Randomized controlled trials are commonly regarded as the gold standard for causal inference and play a pivotal role in modern evidence-based medicine. However, the sample sizes they use are often too limited to draw significant causal conclusions for subgroups that are less prevalent in the population. In contrast, observational data are becoming increasingly accessible in large volumes but can be subject to bias as a result of hidden confounding. Given these complementary features, we propose a power likelihood approach to augmenting RCTs with observational data for robust estimation of heterogeneous treatment effects. We provide a data-adaptive procedure for maximizing the Expected Log Predictive Density (ELPD) to select the influence factor that best regulates the information from the observational data. We conduct a simulation study to illustrate the efficacy of our method and its favourable features compared to existing approaches.
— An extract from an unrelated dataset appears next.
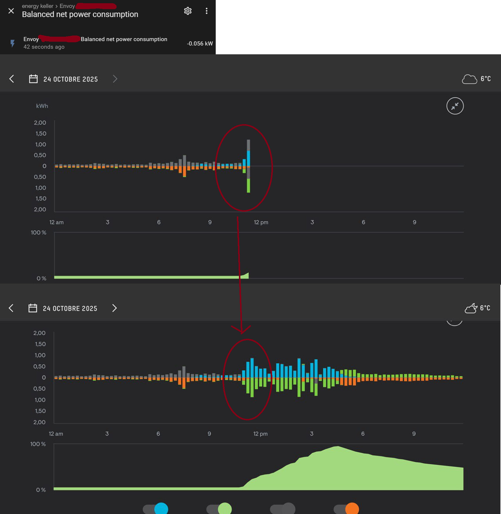 Here we can see that, for example, on 24 October, Enphase was having a lot of trouble with the measurements… Yesterday the values were wrong, and this morning I see that they have been corrected as if by magic…

Lastly, we apply the proposed method to data from Tennessee's Student Teacher Achievement Ratio (STAR) Study to demonstrate its usefulness and practicality in real-world data analysis.
翻译:多数据:通过功率似然结合实验和观测数据
Translated abstract:
随机对照试验通常被认为是因果推断的黄金标准,在现代循证医学中发挥着关键作用。然而,它们使用的样本大小往往太小,不能为在人群中不太普遍的亚组绘制显着的因果结论。相比之下,观察数据正在以越来越大的体积变得越来越易于获取,但由于存在隐藏的混淆而可能存在偏差。鉴于这些补充的特性,我们提出了一种功率似然方法,通过增加观测数据来补充实验数据,以稳健地估计异质性治疗效应。我们提供了一种数据自适应过程,通过最大化期望对数预测密度(ELPD)来选择最佳调节影响因素,以控制来自观测数据的信息。我们进行模拟研究以说明我们的方法及其与现有方法相比的优点。最后,我们将所提出的方法应用于来自田纳西州学生教师成就比率(STAR)研究的数据,以证明其在实际数据分析中的实用性和实用性。